Hey fellow llama enthusiasts! Great to see that not all of lemmy is AI sceptical.
I’m in the process of upgrading my server with a bunch of GPUs. I’m really excited about the new Mistral / Magistral Small 3.2 models and would love to serve them for me and a couple of friends. My research led me to vLLM with which I was able to double inference speed compared to ollama at least for qwen3-32b-awq.
Now sadly, the most common quantization methods (GGUF, EXL, BNB) are either not fully (GGUF) or not at all (EXL) supported in vLLM, or multi-gpu inference thouth tensor parallelism is not supported (BNB).

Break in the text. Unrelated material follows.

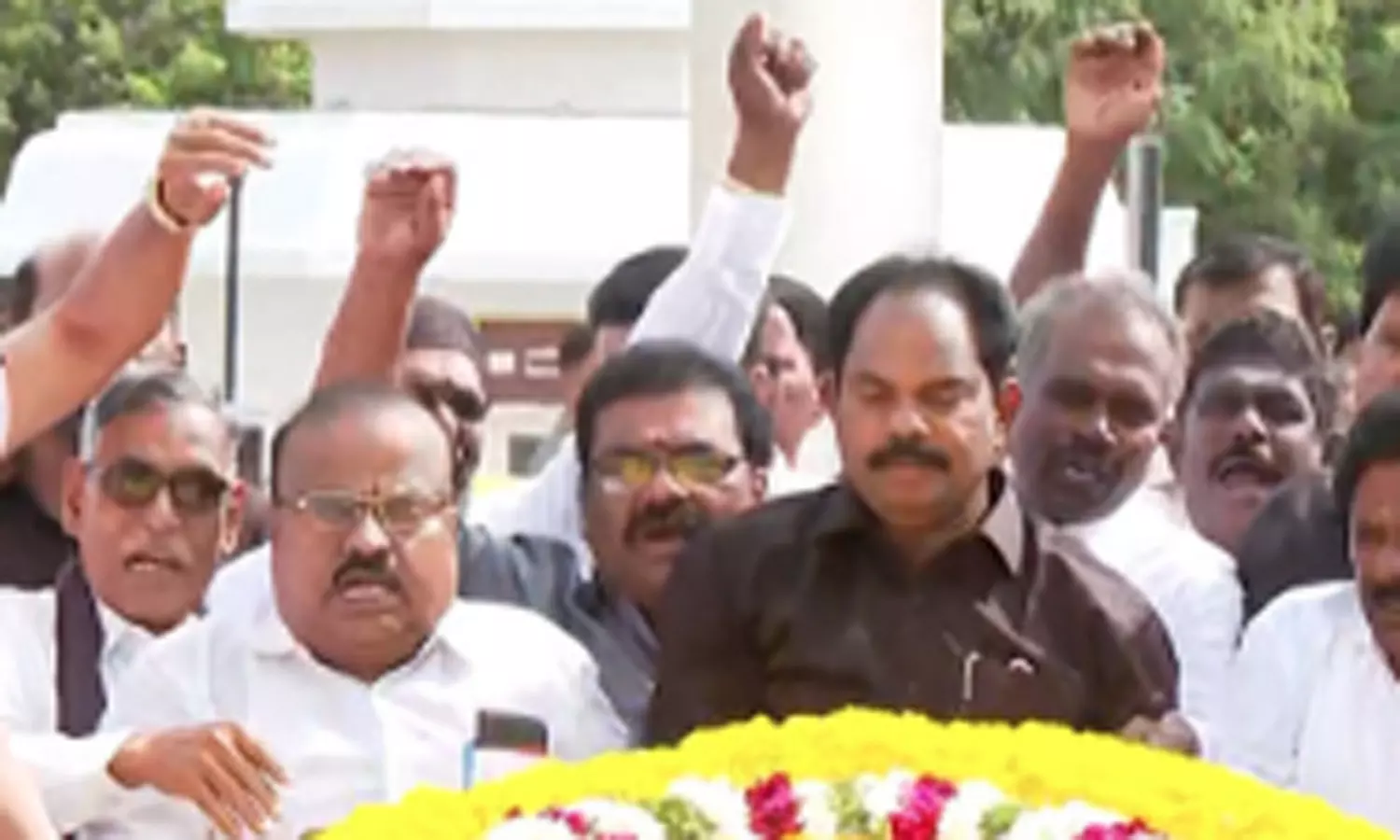 தனது போராட்டத்தை தொடங்கும் முன்னர் அண்ணா, கலைஞர் நினைவிடங்களில் மல்லை சத்யா மரியாதை செலுத்தினார்.

And especially for new models it’s hard to find pre-quantized models in different, more broadly supported formats (AWQ, GPTQ).
Does any of you guys face a similar problem? Do you quantize models yourself? Are there any up-to-date guides you would recommend? Or did I completely overlook another, obvious solution?

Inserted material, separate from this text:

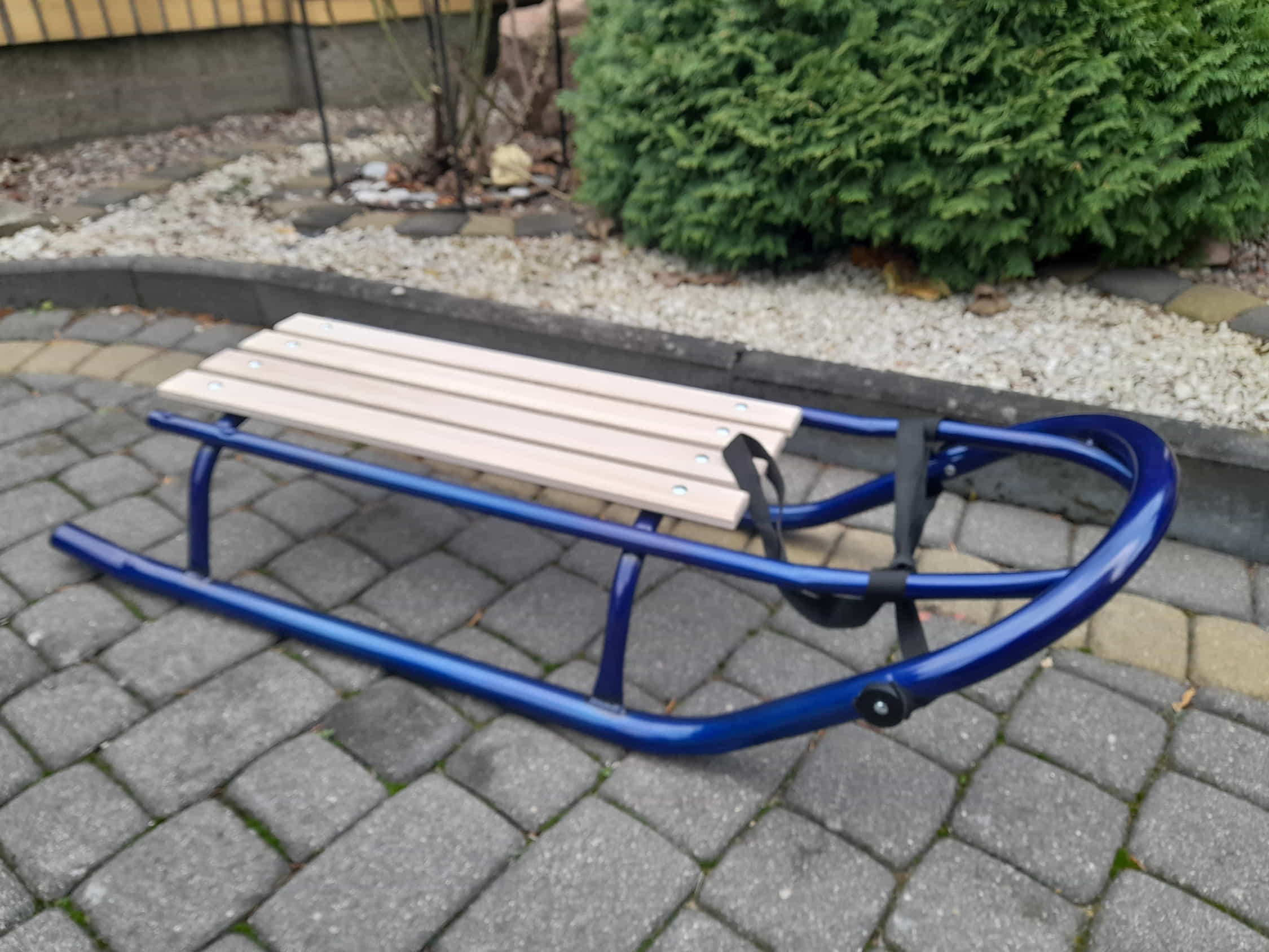 Sanki są metalowe z drewnianym siedziskiem bukowym.

It feels like when I’ve researched something yesterday, it’s already outdated again today, since the landscape is so rapidly evolving.
Anyways, thank you for reading and sharing your thoughts or experience if you feel like it.
Thanks for the tip about kobold, didn’t know about that.
And yeah, I can understand that building your own rig might feel overwhelming at first, but there’s tons of information online that I’m sure will help you get there!